И снова надо уезжать.
И снова не объяснился.
А вот Митрохин остаётся. Неужели они с ним уже снюхались?
Прав был Андрюха Бакланов, что Сухинин будет ревновать ее ко всем друзьям.
Хм! Каратекой они вместе занимались! И даже Сухинин с ними занимался… А вот если киллера нанять на вас, так никакая каратека вас не спасёт. Сухинин откинулся на подушках заднего дивана просторного корпоративного "ауди" и решил предаться сладким мечтаниям. Сладкие мечты успокаивали душу, но не выгоняли едкую желчь. Вот помрет Митрохин и тогда Сухинин уже точно объяснится с Вероникой. Сухинин стал думать, какой смертью Митрохину было бы лучше всего умереть? Разбиться в автокатастрофе? Да он и не ездит сам за рулем, а в лимузине с шофером разбиться это маловероятно. Разбиться в самолёте? Что-то как то это банально и без выдумки. Не достойно его Сухининской ревности. Умрёт от неожиданно обнаружившегося рака? Так от этого в одночасье вроде как теперь не помирают, а у нас на фирме еще раз в пол-года обязательная диспансеризация со всеми этими рентгенами, УЗИ и магнито-резонансными томографиями.

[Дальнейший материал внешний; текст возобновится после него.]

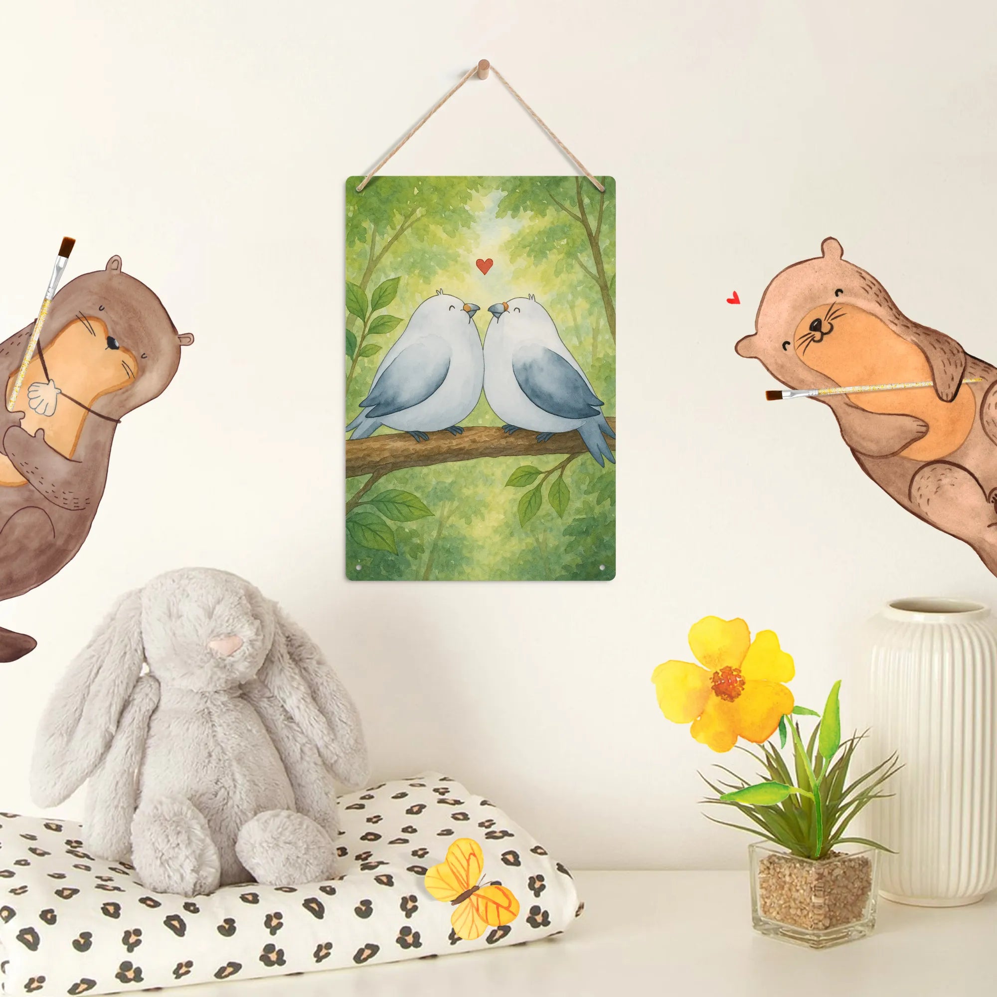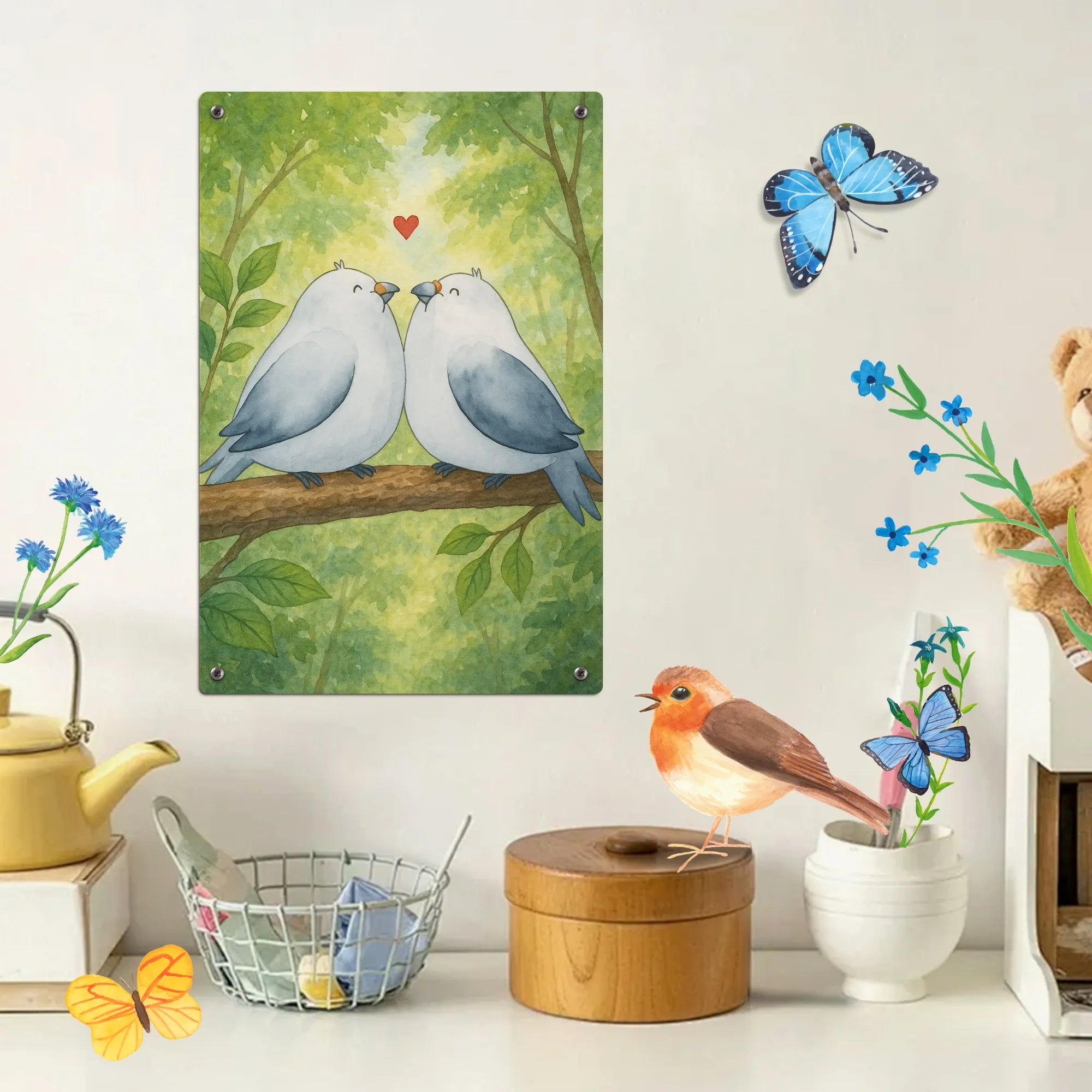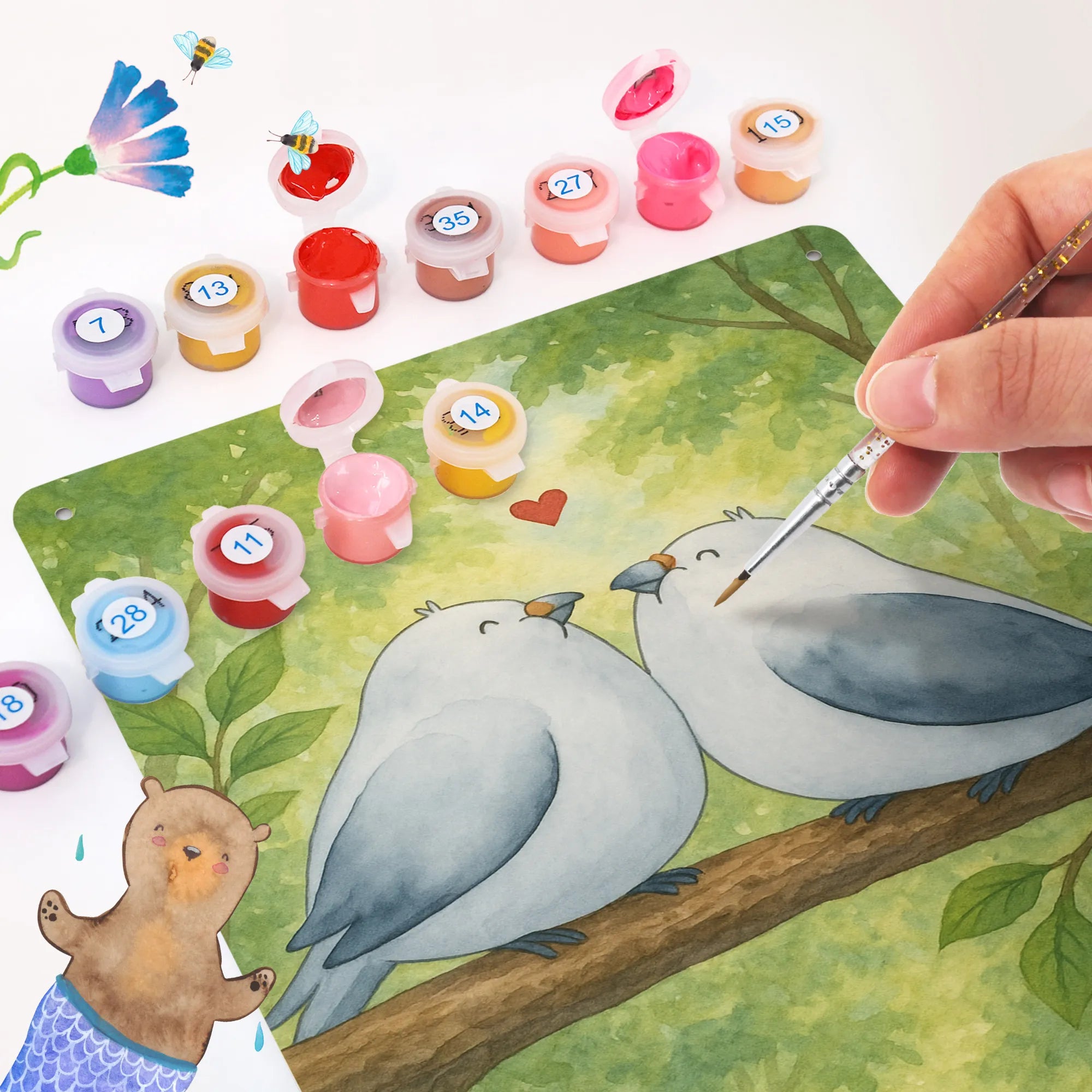 • Malen nach Zahlen Metallschild mit liebevollem Turteltauben-Motiv
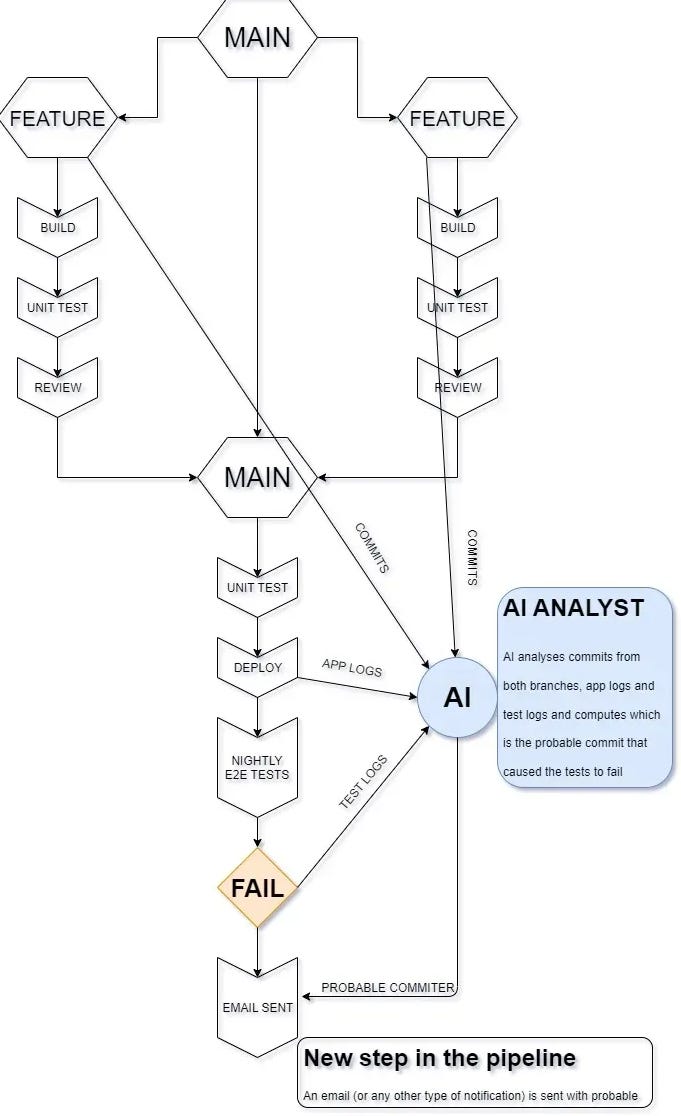Initially, when the AI hype started with the release of ChatGPT, we came up with an idea of “AI Analyst” directly connected to CICD pipelines:
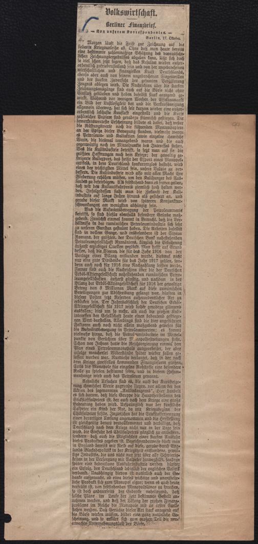 / Volkswirtschaft. Berliner Finanzbrief. 20.10.1917
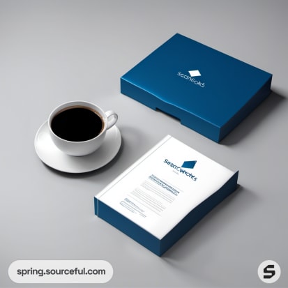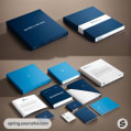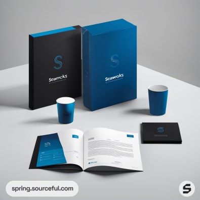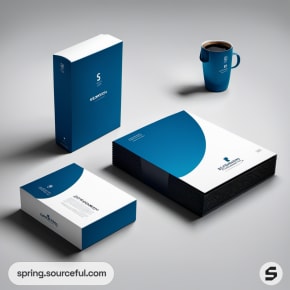 Variety of blue, black, and white branded office supplies and boxes on a gray background.
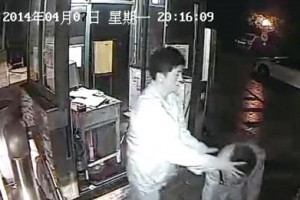 据当日的监控视频拍摄的画面显示,20时14分,一名身穿夹克衫的男子径直走到保安岗亭,按动按钮开启了入车闸道。据谭明说,此人便是当日的男车主。监控显示,谭明重新关闭了入车闸道,车主再次走过来。他伸手将谭明桌上的记录本向后丢了出去,再次按动了入车闸道按钮,并伸出胳膊招手示意其妻开车进入。而他身后的谭明再次按动了按钮关闭了入车闸道,见状,车主猛地抓起谭明头上的帽子,丢在了地上。

Если и найдут, то на ранней стадии, и тогда он лечиться начнет, год химеотерапии где-нибудь в Израиле и она обязательно за ним туда потащится, нет, не подходит к нему смерть от рака. Инфаркт или инсульт? При его-то розовых щёчках? Он бегает по утрам и голодает по системе йогов, никаких инсультов – холестерин в норме как у Индиры Ганди. Разве что подавится? Вон как давеча с руки маслины жрал! Или с лестницы упадет – шею сломает…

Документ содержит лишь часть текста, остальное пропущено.